3. Aux termes de l'article R. 778-8 du code de justice administrative : " Lorsque le président du tribunal administratif ou le magistrat désigné à cet effet constate, d'office ou sur la saisine du requérant, que l'injonction prononcée n'a pas été exécutée, il procède à la liquidation de cette astreinte en faveur du fonds prévu à l'article L. 300-2 du code de la construction et de l'habitation. / Le président du tribunal administratif ou le magistrat désigné à cet effet peut statuer par ordonnance, dans les conditions prévues par le chapitre II du titre IV du livre VII du présent code, après avoir invité les parties à présenter leurs observations sur l'exécution de l'injonction prononcée. / Il liquide l'astreinte en tenant compte de la période pendant laquelle, postérieurement à l'expiration du délai imparti par le jugement, l'injonction est demeurée inexécutée par le fait de l'administration. Il peut, eu égard aux circonstances de l'espèce, modérer le montant dû par l'Etat voire, à titre exceptionnel, déclarer qu'il n'y a pas lieu de liquider l'astreinte ".

4. Mme B A soutient que le préfet de l'Essonne n'a pas pris les mesures propres à exécuter le jugement du tribunal administratif de Versailles n° 2206713 du 7 novembre 2022 dès lors qu'aucune proposition de logement ne lui a été faite. Le tribunal administratif de Versailles a, par ce jugement, enjoint au préfet de l'Essonne, sous une astreinte destinée au fonds national d'accompagnement vers et dans le logement, de procéder au relogement de Mme B A. Cette injonction et cette astreinte ont été prononcées sur le fondement des dispositions du I de l'article L. 441-2-3-1 du code de la construction et de l'habitation, et sont exclusives de tout autre dispositif d'exécution ou d'astreinte prévu par ce code ou par le code de justice administrative. S'agissant d'une astreinte prononcée après le 1er janvier 2016, il appartient à l'administration de faire procéder, tant que n'est pas liquidée définitivement par le juge après qu'il aura été constaté que le jugement la prononçant a été totalement exécuté, au versement de la somme correspondante au fonds national d'accompagnement vers et dans le logement deux fois par an.

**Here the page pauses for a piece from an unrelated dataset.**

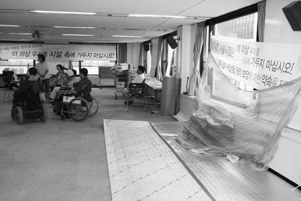 | ▲ 국가인권위원회 11층 배움터에서 점거농성을 벌이고 있는 탈시설공투단 모습 ⓒ전진호 기자 | ||

5. Il résulte de ce qui précède que la requête de Mme B A, tendant à la liquidation de l'astreinte prononcée par le jugement n° 2206713 du 7 novembre 2022 et d'en augmenter le montant, est manifestement irrecevable et doit être rejetée.

O R D O N N E :

Article 1er : La requête de Mme B A est rejetée.

Article 2 : La présente ordonnance sera notifiée à Mme C B A.

Fait à Versailles, le 19 septembre 2025.

La présidente de la 9ème chambre,

signé

N. Boukheloua

La République mande et ordonne à la ministre déléguée auprès du ministre de l'aménagement du territoire et de la décentralisation, chargée du logement, en ce qui la concerne, ou à tous huissiers de justice à ce requis en ce qui concerne les voies de droit commun, contre les parties privées, de pourvoir à l'exécution de la présente décision.